Move to LA and get a programming gig that holds to 8 hours a day.

Spend every other hour shedding, studying, and meeting people.

There will come a point where music will naturally take over.
5 hours a day of shedding mon-fri plus 20 hours on weekends = 45 hours of music work. Surely enough to develop your skills. 

You'll wake up at age 26-28 with skills, a career without any need to starve.

just a thought.


----------



## mr (Jan 6, 2014)

choc0thrax @ Mon Jan 06 said:


> Since you're still quite new to composing I have to wonder if you've scored to picture before? I used to happily noodle around and make music and thought a career composing would be nice until I actually had to score to picture.
> 
> I fucking hated it.
> 
> ...



definitely many +1s

I would also suggest to try this first. Get yourself a student short to score on the weekends or after work or on vacation. But it has to be like a real world experience, one where you work with/for the director (or even more people). Don't just write music to some scene/trailer all by yourself.


----------



## givemenoughrope (Jan 6, 2014)

I would go with what Ed Hamilton said.

If you teach me some basic programming, I'll show you absolutely everything I know about samples, writing, clients, etc. 

If I had programming skills and lived in or near LA, Berlin, or Tokyo I'll be sending a resume to someone like Native Instruments.


----------



## Creston (Jan 6, 2014)

I left my okay banking job at age 21 and spent a couple of months in LA renting a house (I'm from the UK). I didn't even know I wanted to be a composer, I just wanted to make some music (ambient, but also wanted to be a rockstar).

I play guitar since age 11, I'm not a great player. I still just get by with simple piano stuff. 

I've made money doing various things over the last 9 years. I have no degree, no A levels/GSCEs. I just get by doing music now. I'm not working 80 hours a week. I had busy times and then quiet times. Thing is, I can't do much else. I've become unemployable. If I had a plan B, I don't think I'd have got as far as I have. 

I've been quite lucky as I got my first doc scoring gig by chance after sending some music to a music supervisor. I wasn't even into the idea of writing music for someone else. Thing is, before you do all this, be honest with yourself as to whether your music is good. Some people just don't have it IMO. 

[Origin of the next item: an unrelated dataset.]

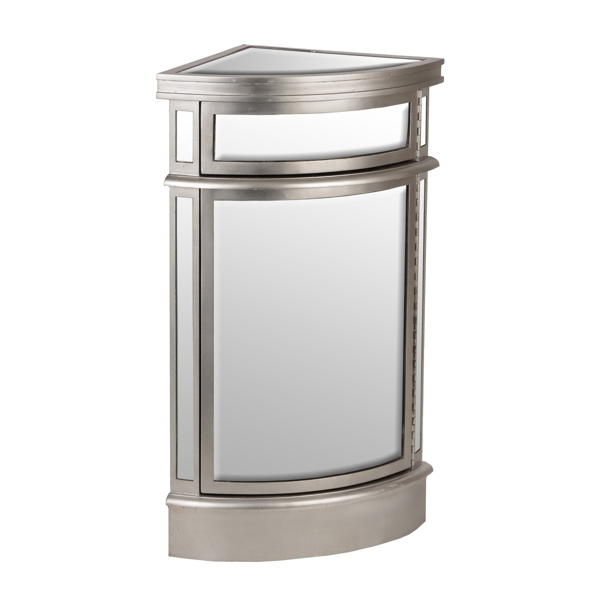 680601 Howard Miller Silver Finish Mirrored Corner Curio Cabinet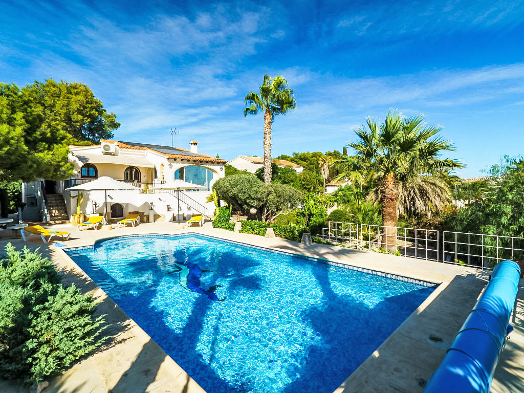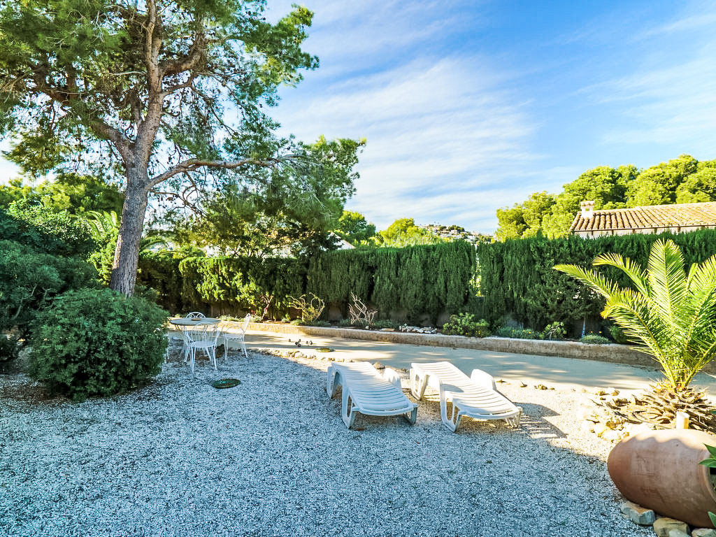 Moraira: Kleines, gemütliches Haus "Las Boyas". Ruhige, sonnige Lage, 1.6 km vom Meer, 1.6 km vom Strand. Zur Alleinbenutzung: schöner, gepflegter Garten (eingezäunt), Schwimmbad (10 x 5 m, 01.01.-31.12.). Boccia, Gartenmöbel, Parkplatz (für 2 Autos). Einkaufsgeschäft 3 km, Supermarkt 2.2 km, Restaurant 450 m, Sandstrand "Playa de L'ampolla" 1.6 km. Golfplatz (9 Loch) 2.5 km. Bitte beachten: Fahrzeug empfohlen. Geeignet für Familien.

If I was you with the amount of money you have, I'd do some travelling for a few months. If you get into this, there's a chance you could just miss your early 20s and regret it later on. You might explore the world enough to realise you don't want to spend your life staring at a DAW smelling of body odour thinking what the fastest meal you can make is. I was slack with my career progress in my early 20s (it's only become full time in the last 3 years) but I'm glad I had chance to get drunk, spend days on the beach, ride my bike, spend the day learning whole albums on guitar etc.


----------



## Jetzer (Jan 6, 2014)

G.E. @ January 6th said:


> Already made my decision.Tomorrow I'm giving my 1 month's notice and quitting this job.I don't want to look back 10-20 years from now and think that I could've been living my dream and didn't take the chance.I would like to find another job that will allow me to pursue this music thing as well but that's unlikely.I have friends who have been unemployed for over a year,even 2 years and they still are.They might say on the news that things are looking up but the economy is still just as bad and there are no jobs.People still get fired.Those same friends will probably kill me when I tell them I gave up a perfectly good job to pursue foolish dreams.Am I naive and stupid for doing this ? Maybe...
> 
> I think it will work out.I will find a way to make money while still having time to make music.Anyway,thanks for all the advice ! I really appreciate it.Hope next time I write in this part of the forum asking for advice,it will be about how much should I charge for my first feature film haha.
> 
> By the way,I think I'll start looking into kontakt scripting and see what it's all about.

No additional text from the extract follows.